6 «Сон в летнюю ночь» — один из самых загадочных циклов четвертой книги стихов Бориса Пастернака «Темы и вариации». Заглавие книги — название музыкальной формы или жанра, и вариации на темы Гете и Пушкина в ней эксплицитно заявлены. Шекспир, тексты которого многократно обыгрываются в книге и которому посвящено отдельное стихотворение, также играет, безусловно, важную роль.
7 Как показал в своей работе А. А. Долинин,5 за словами о Шекспире (как, впрочем, и о Пушкине и Гете) и обыгрыванием шекспировских мотивов и сюжетов всегда так или иначе стоят одновременно и мотивы творчества как такового, а также сюжеты, связанные с обстоятельствами современной для Пастернака действительности: так, в стихотворении «Шекспир» рядом с автором и его героями угадывается портрет Маяковского (о чем писала ранее и Е. В. Пастернак6).
5. Долинин А. Где спрятан Маяковский? С. 374-396.

6. Пастернак Е. «Ты — царь, живи один...». К истории отношений Пастернака и Маяковского // Пастернаковские чтения. Исследования и материалы. М., 2015. Вып. 3 / Отв. ред. А. С. Акимова. С. 173-176.
8 Цикл «Сон в летнюю ночь» представляет собой пять стихотворений, все они, кроме второго, отчетливо связаны с картинами окружавшей Пастернака московской жизни.
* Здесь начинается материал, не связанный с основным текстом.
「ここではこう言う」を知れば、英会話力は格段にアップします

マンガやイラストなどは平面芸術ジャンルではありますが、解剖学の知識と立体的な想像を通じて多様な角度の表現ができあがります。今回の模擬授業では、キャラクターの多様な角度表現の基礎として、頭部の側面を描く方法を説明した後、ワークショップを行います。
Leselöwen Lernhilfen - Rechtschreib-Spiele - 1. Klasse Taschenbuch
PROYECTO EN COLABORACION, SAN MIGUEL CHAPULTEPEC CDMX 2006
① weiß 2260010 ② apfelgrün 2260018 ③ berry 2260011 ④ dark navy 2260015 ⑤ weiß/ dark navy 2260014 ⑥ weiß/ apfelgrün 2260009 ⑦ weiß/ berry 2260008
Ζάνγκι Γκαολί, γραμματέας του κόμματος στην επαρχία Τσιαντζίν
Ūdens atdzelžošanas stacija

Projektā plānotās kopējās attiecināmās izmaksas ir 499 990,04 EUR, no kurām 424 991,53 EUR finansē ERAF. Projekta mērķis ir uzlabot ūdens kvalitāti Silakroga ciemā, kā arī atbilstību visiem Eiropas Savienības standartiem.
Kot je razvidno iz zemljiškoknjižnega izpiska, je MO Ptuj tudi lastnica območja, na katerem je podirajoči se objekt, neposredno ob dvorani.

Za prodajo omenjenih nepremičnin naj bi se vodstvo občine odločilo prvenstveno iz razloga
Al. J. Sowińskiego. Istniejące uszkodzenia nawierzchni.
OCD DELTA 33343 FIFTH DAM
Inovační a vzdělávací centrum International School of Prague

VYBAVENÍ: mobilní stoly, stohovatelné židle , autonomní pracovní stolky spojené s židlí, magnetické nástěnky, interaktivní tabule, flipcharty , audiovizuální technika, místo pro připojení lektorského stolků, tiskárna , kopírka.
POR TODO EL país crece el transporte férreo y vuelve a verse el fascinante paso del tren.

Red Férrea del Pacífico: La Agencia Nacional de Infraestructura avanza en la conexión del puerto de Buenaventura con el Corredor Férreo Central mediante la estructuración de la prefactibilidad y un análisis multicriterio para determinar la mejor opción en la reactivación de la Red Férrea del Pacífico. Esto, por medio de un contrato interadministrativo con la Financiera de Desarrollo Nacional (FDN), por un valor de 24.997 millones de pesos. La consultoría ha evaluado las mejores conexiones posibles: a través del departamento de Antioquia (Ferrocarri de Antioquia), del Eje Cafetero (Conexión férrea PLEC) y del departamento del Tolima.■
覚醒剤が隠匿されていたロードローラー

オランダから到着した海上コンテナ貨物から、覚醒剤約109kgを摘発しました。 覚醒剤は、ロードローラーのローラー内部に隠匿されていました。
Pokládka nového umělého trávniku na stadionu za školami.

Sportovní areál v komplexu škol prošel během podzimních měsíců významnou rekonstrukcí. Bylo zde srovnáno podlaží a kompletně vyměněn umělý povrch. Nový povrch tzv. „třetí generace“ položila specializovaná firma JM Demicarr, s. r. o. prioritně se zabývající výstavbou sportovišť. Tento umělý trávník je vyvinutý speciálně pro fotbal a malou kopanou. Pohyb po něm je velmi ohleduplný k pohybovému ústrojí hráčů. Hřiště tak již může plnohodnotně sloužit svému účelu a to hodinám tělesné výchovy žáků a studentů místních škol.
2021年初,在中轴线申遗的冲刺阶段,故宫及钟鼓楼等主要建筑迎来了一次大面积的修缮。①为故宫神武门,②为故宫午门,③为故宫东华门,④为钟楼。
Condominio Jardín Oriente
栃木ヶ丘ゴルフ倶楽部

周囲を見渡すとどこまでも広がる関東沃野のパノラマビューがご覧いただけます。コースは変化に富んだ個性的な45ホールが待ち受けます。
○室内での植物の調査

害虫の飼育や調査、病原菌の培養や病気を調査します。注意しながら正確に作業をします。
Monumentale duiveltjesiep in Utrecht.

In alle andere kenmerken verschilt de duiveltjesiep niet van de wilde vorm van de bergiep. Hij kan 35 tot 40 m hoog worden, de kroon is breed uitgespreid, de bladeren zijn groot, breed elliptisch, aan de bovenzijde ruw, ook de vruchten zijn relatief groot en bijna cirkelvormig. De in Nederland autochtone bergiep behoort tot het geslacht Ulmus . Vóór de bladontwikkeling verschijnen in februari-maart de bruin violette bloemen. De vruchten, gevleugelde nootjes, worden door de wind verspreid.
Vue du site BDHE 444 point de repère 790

Цикл разворачивается в городском пространстве конца весны — начала лета; если время года легко определяется — то год, возможно намеренно, не определим — можно допустить, что даты под стихотворениями как раз и указывают не столько на время написания, сколько на разные московские лета — в первом 1918 года, а в последнем 1922-го.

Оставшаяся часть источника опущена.